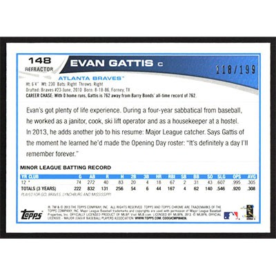 This is a 2013 Topps Chrome Blue Refractors Evan Gattis baseball card. The card is #148 and pictures show condition. This card is limited; #'d 118/199.
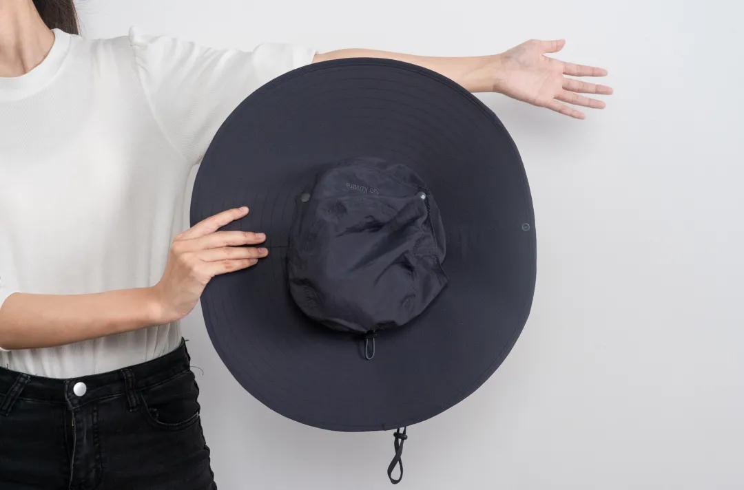 別看帽子尺寸這么大,帽檐柔軟可折疊,方便攜帶。
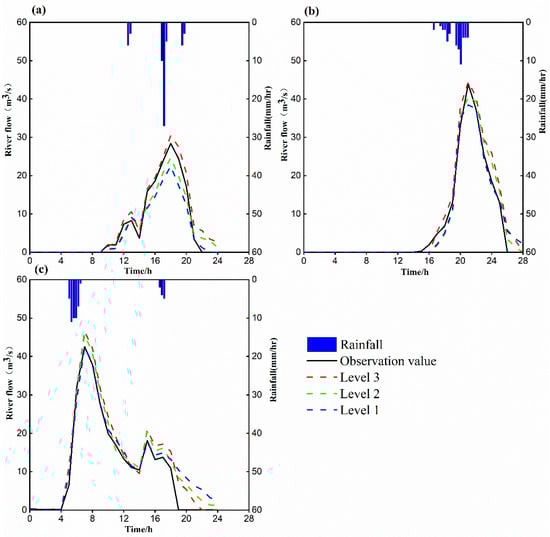 All of the flow processes were consistent in the three typical rainstorms (Figure 9). As for the 29 May 2021 rainstorm event (Figure 9a), with the continuous simplifying of the drainage networks, the flow hydrograph tended to decrease due to the rapid and directional drainage function of the drainage networks gradually becoming weakened. The processes of the beginning and regression of the flow under a drainage network hierarchy of Level 3 were basically consistent with the observations from the 29 May 2021, and 2 June 2021 rainstorm events.

__Task requirements__
Write out again, exactly, the lines from the start of the listing up to the line containing "別看帽子尺寸這么大,帽檐柔軟可折疊,方便攜帶。", with both ends and without pictures.

__Final answer__
 This is a 2013 Topps Chrome Blue Refractors Evan Gattis baseball card. The card is #148 and pictures show condition. This card is limited; #'d 118/199.
 別看帽子尺寸這么大,帽檐柔軟可折疊,方便攜帶。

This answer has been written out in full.